HR527 instructs the House Committee on Revenue and Finance to study the current property tax assessment system in the State and offer improvements.  Specifically the committee is to look at equity, impact of Tax Increment Financing Districts, consolidation, computerization of data, and exemptions.

SB444 passed both chambers and goes to the Governor correcting two omissions in the Evidence-Based Model for education funding.  One deals with Property Tax Extension Limitation Law equalized assessed valuation (EAV) and the other with adjustments to real property EAV due to an abatement of taxes.

SB772 passed both chambers and is sent to the Governor to require any prescriber with a Controlled Substances license, to also register with the Prescription Monitoring Program.  This is an effort to help reduce narcotic drug abuse.

SB851 amends the Illinois Local Library Act so that a library board of trustees' statement of financial requirements be submitted to the municipality no less than 60 days prior to when the tax levy must be certified under the Property Tax Code.  The bill passed the House and now sits in the Senate.

SB1351 becomes law despite the Governor’s veto and provides more oversight of college student loans.  The bill sets up an ombudsman for student loans in the office of Attorney General, licensure of student loan servicers and authority to investigate deceptive practices.

Efforts to over-ride the Governor’s veto of SB1905 failed a second time in the House and now has ended.  The bill would have prohibited local units of government from enacting “Right to Work” zones in their communities.  The sponsor failed to remove harsh criminal penalties for any public official who tries to enact a right for employees to work without paying union dues. 

SB1462 directs the Department of Commerce and Economic Opportunity to administer--subject to appropriation--an Entrepreneur Learner's Permit pilot program.  The goal is to encourage and assist first-time entrepreneurs starting new information services, biotechnology, and green technology businesses by providing reimbursements to those entrepreneurs for any State filing, permitting, or licensing fees.  The General Assembly over-rode the Governor’s veto that had wanted to make the program available to more types of businesses.

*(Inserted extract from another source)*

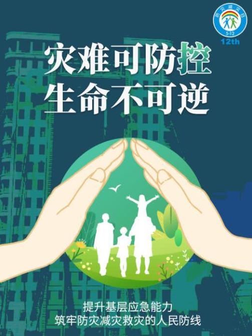 今年5月12日是我国第12个全国防灾减灾日,主题是“提升基层应急能力,筑牢防灾减灾救灾的人民防线”,5月9日至15日为防灾减灾宣传周。

Legislature Takes Action on Sexual Harassment
Charges of sexual harassment in government are being made across the country.  It’s not just unwelcomed sexual advances or comments, sexual harassment also occurs when a victim feels “uncomfortable” in the work environment.
Illinois lawmakers have responded to the problem through legislation, sexual harassment training, and by appointing a Legislative Inspector General.
Notably, the position of Legislative Inspector General was finally filled after a change in heart from Speaker Michael Madigan.  He had blocked the appointment to the position for over two years after the prior Inspector General criticized the Speaker for questionable ethical actions.  The position oversees the Illinois Legislative Ethics Commission which handles ethics violations—including sexual harassment complaints—within the General Assembly. 
The Legislature also passed a package of bills to further address sexual harassment behavior in government and change the culture that breeds sexual harassment.  SB402 amends the State Officials and Employees Ethics Act to prohibit sexual harassment and require training to recognize such behavior. 

State Sells More Bonds to Pay Debt
The State recently sold $4.5 billion in general obligation bonds to further pay down a portion of Illinois' roughly $16.7 billion backlog of unpaid bills.  Combined with a prior bond sale, the proceeds of this sale will be used to cut the State's backlog approximately in half by June 2018.
Comptroller Susana Mendoza will begin paying the state’s bills, and prioritize ones eligible for federal matching funds and bills that are earning a high late payment penalty.